Milada exhaled slowly.
"Shall we?" Ari asked once they were alone.
She closed her eyes.
Her awareness sank through layers of ice and methane into the planet's core. Hydrogen churned. Heat convulsed. She wrapped her will around it and drew it upward.
The storm resisted immediately.
It wanted to strip Tripolis to bone. It pressed against her control, furious. She swallowed its fire and shaped it into a shimmering dome above the valley. Diamonds struck the barrier and shattered into powder that would later be traded with Hunat.
Her jaw tightened. Her arms trembled. She had done this countless times. It should have been routine.
Then the storm convulsed.
A spike of radiation shot through a seam she had not seen.
The plume hit Ari square in the chest.
He gasped.
Light burst from his eyes and mouth. Gold fractals spidered across his skin before snapping back into place. Celestials were meant to be immune. They had been forged in Sibelle's light. They could walk through stars.
Yet the radiation had touched him.
Milada's focus faltered.
A vein of molten hydrogen split, and the atmospheric bubble wavered. Diamonds sliced lower, cutting thin scars into distant dunes.
"Ari!" she shouted, forcing the dome back into shape.
"I'm fine," he said, though his voice strained. His glow had dimmed. He folded his arms across his chest as if holding himself together.
"No, you're not."
The storm still raged overhead.
"Go to Millennia," she ordered. "I'll finish here."
"What if it happens again?"
"Then it kills me. Go."
The attempt at humor fell flat.
He hesitated, eyes moving between her and the sky. Then he pressed a kiss to her brow, as he always did, and vanished in a flicker of gold.
Alone, Milada forced herself steady.
She pictured the energy sphere around Tripolis, its edges shimmering like glass. She sealed the seam. She swallowed another jet of radiation. The screams of dissolving matter pounded against her skull.
"Why are you fighting me?" she muttered at the storm.
She held on.
Eventually the storm exhausted itself. The clouds peeled back. The moons drifted away. A thin layer of diamond dust coated the bluff.
Milada sank to the ground, drawing her knees to her chest.
Why had the radiation struck Ari? How had a dome she had shaped a hundred times failed?

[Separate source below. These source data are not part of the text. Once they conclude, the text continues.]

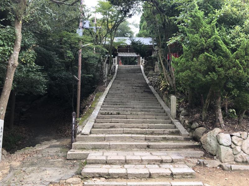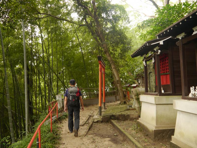 ・元町西口から坂道を登り兵庫県公館、県庁、相楽園を通過してしばらくで諏訪神社に出ます。大師道登山道は本殿の左手の小路を上がってゆきます。大師道は木陰が多く助かります。
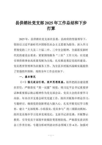 / 【七哥公文】2025年:县供销社党支部2025年工作总结和下步打算+更多免费公文+VX:QiGeGongWen2024
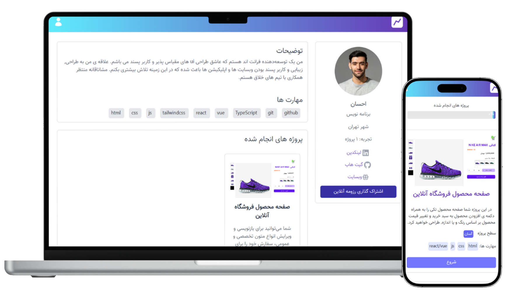 با آپلود پروژه های انجام شده در حساب کاربری خود, می توانید بخش نمونه کار ها را بسازید و برخلاف رزومه های سنتی, کارفرما قادر به دیدن تصاویر پروژه ی شما خواهد بود
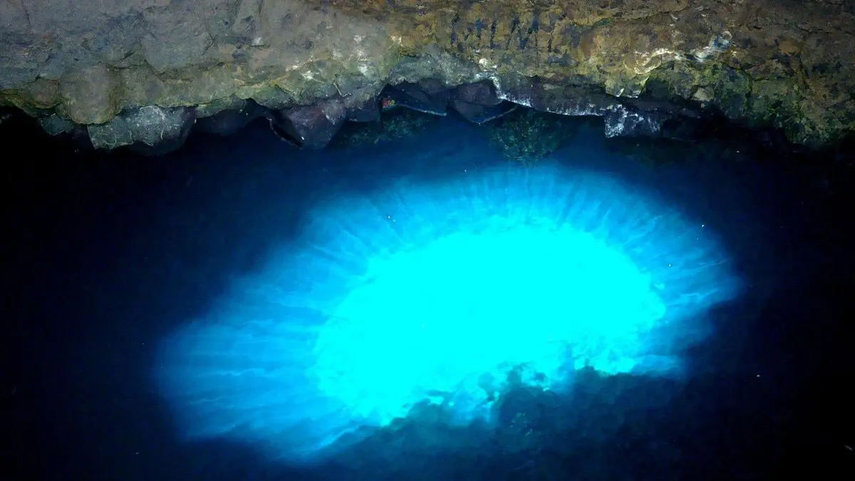 O Olho Azul é uma piscina natural com águas de cor azul-turquesa e uma caverna subaquática com vários metros de profundidade.
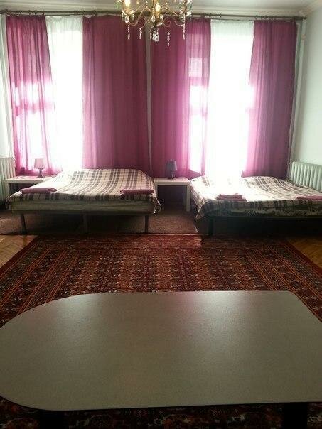 В самом центре, всюду пешком можно дойти, поверьте это дорогого стоит! Не дорого, очень чисто и уютно, по-домашнему, ванна, душ и два туалета общие, но всем хватает. 5 номеров, кажется, всего. Комната на четверых была огромная с двумя окнами на улицу, очень теплая, на полу ковер во всю комнату, стол и 6 стульев, стойка для вещей и интерьерный камод, две двуспальные кровати и три дивана! И еще куча свободного места. Забыла еще прикроватные тумбочки штуки три и камод под телевизор. На кухне кулер, чай, кофе. Есть холодильник. Всем рекомендую.
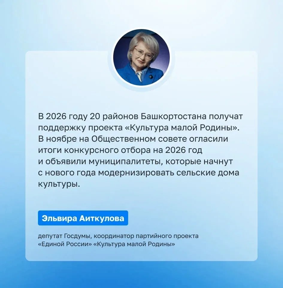 Башҡортостан - "Бәләкәй Ватан мәҙәниәте" федераль проектын тормошҡа ашырыуҙа лидер Республика 2017 йылдан алып программала өс йүнәлеш буйынса әүҙем ҡатнаша: «Урындағы мәҙәниәт йорто», «Балаларға театрҙар», «Бәләкәй ҡалалар театрҙары». Бөтә осорҙа дөйөм финанслау 894,8 миллион һум тәшкил итә, шул иҫәптән федераль бюджеттан 834,9 миллион һум. Быйыл 401 мәҙәни-ял итеү учреждениеһының матди-техник базаһы яҡшыртылған, шул иҫәптән 13 объектта ағымдағы ремонт үткәрелгән, шуның арҡаһында 28 мәҙәниәт йорто ауылдың күп функциялы клубтарына әйләнгән. Республиканың мәҙәниәт йорттары быйыл ниндәй ярҙам алды – карточкаларҙа. "Таң" гәзитенә ҡушылығыҙ: ➡️ МАХ-канал😄ТГ-канал
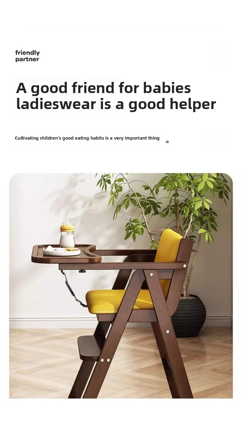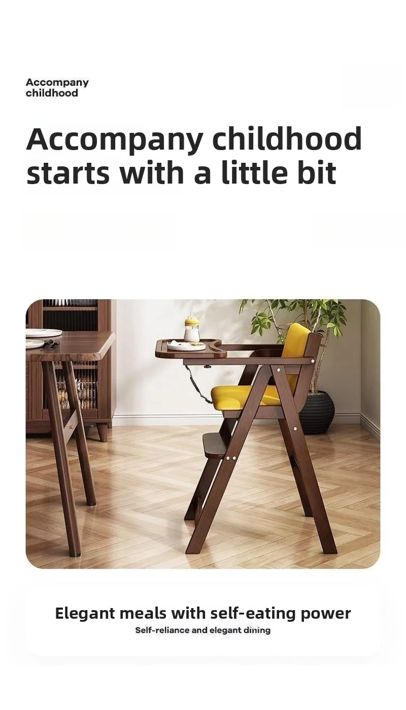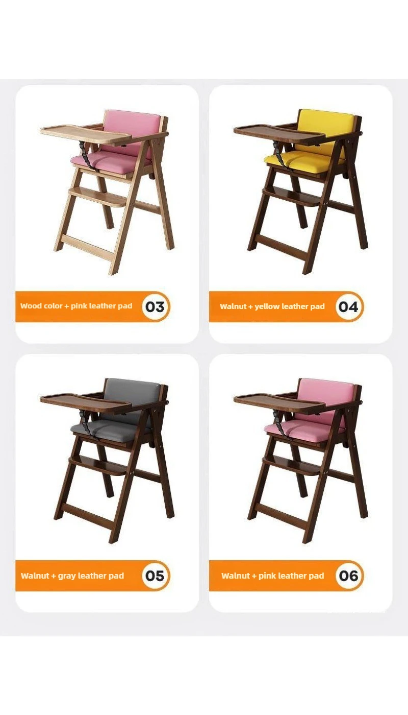 Pure Solid Wood Children’s Dining Chair Baby Foldable Dining

She had felt something slip—a minute betrayal from the planet itself.
Tripolis thrived on cruelty.
She had believed she could shield the one she loved from it.
Diamonds began to fall like snow. One landed in her palm, flawless and sharp.
It sliced her skin.
The sting grounded her.
She watched blood bead against crystal, then closed her fist around it and rose to return home.